The Most Dangerous Stock Market Ever? Either Way, Have A Plan

 | Mar 01, 2018 12:32AM ET

Today’s stock market may not be as dangerous as 2000’s dot-com euphoria or 2008’s asset balloon. Why not? Global central banks are likely to act quicker and with far more “shock-n-awe” to minimize bearish price depreciation than they did in the previous sell-offs.

Some argue that policy efforts would fail to reinvigorate yet another wealth effect because central banks are out of ammunition. I disagree. Indeed, I expect that monetary gamesmanship in the near future will result in an average 30-year fixed rate mortgage of 2% for the 2020s. Similarly, stocks will benefit immensely from borrowing cost manipulation.
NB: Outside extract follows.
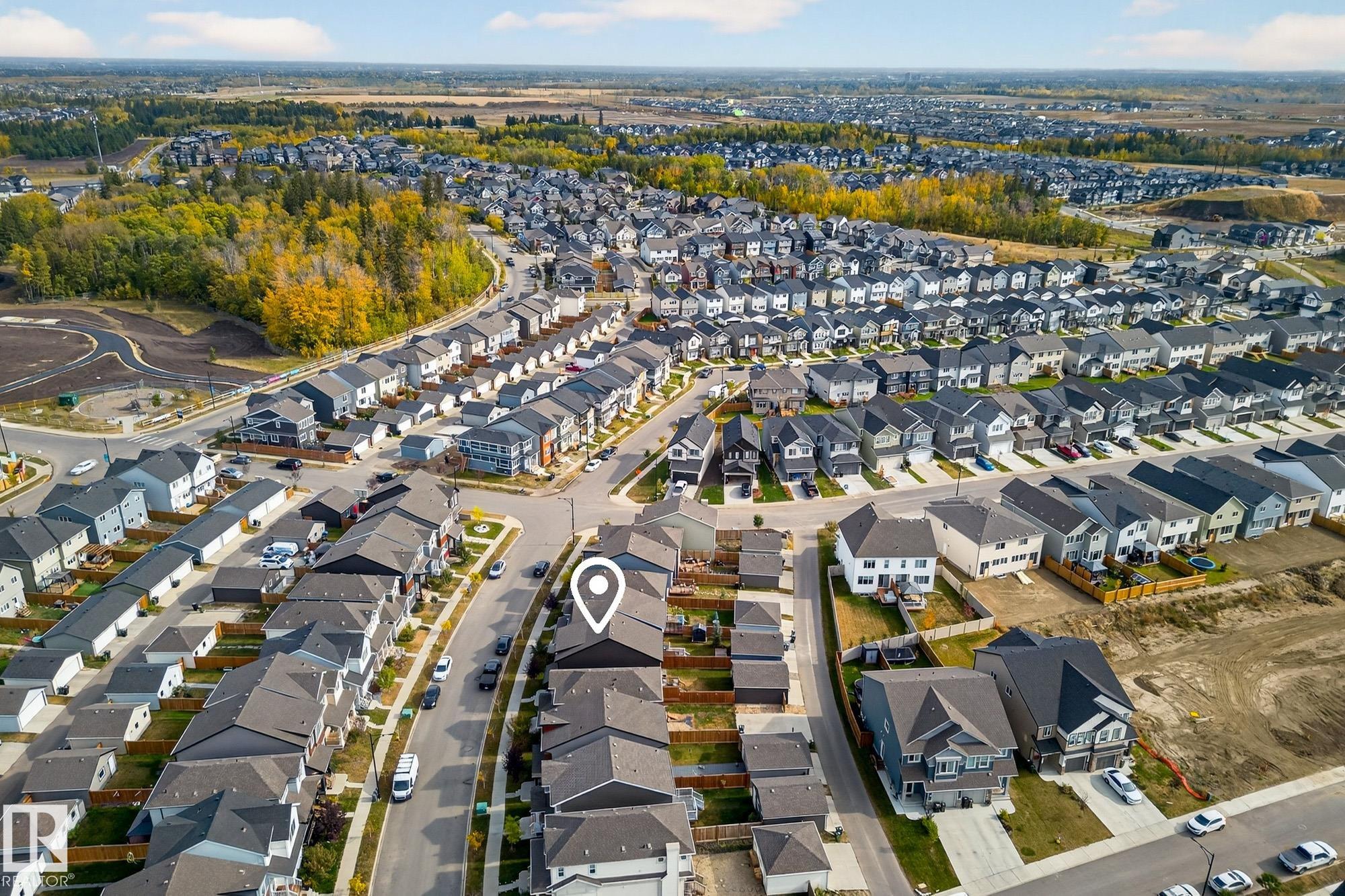 This chic and practical home spans 1,705 square feet and includes 3 bedrooms and 2.5 bathrooms, all set within a landscaped yard and featuring a double detached garage. Nestled in the sought-after Edgemont community on Edmonton's Westside, this family-friendly neighborhood boasts ravines, ponds, and scenic walking trails. As you step inside, you're greeted by soaring 10' & 11' ceilings in the foyer and living room, complemented by elegant spindle railing throughout. The main floor showcases stylish Luxury Vinyl Plank flooring and a contemporary electric fireplace, while the rear kitchen, equipped with a chimney hood fan, basks in abundant natural light. The kitchen and upstairs bathrooms feature stunning white quartz countertops. Plus, enjoy the convenience of SMART home technology. Just one block away is the community park, and the fully funded K-9 public school is just a few blocks from your doorstep.

Of course, nobody knows how the current bull-bear cycle will play itself out. Might the next stock bear destroy more portfolio wealth than the previous two did? If so, commentators will likely point a collective finger at extreme leverage, colossal overvaluation and multilayered computerization.

Consider the excessive leverage being employed to own equities in 2018. For one thing, margin debt is greater than at any previous moment in history. More importantly, even when accounting for inflation and subsequently comparing margin debt to the economy itself, leveraged speculation has surged to never-before-seen heights.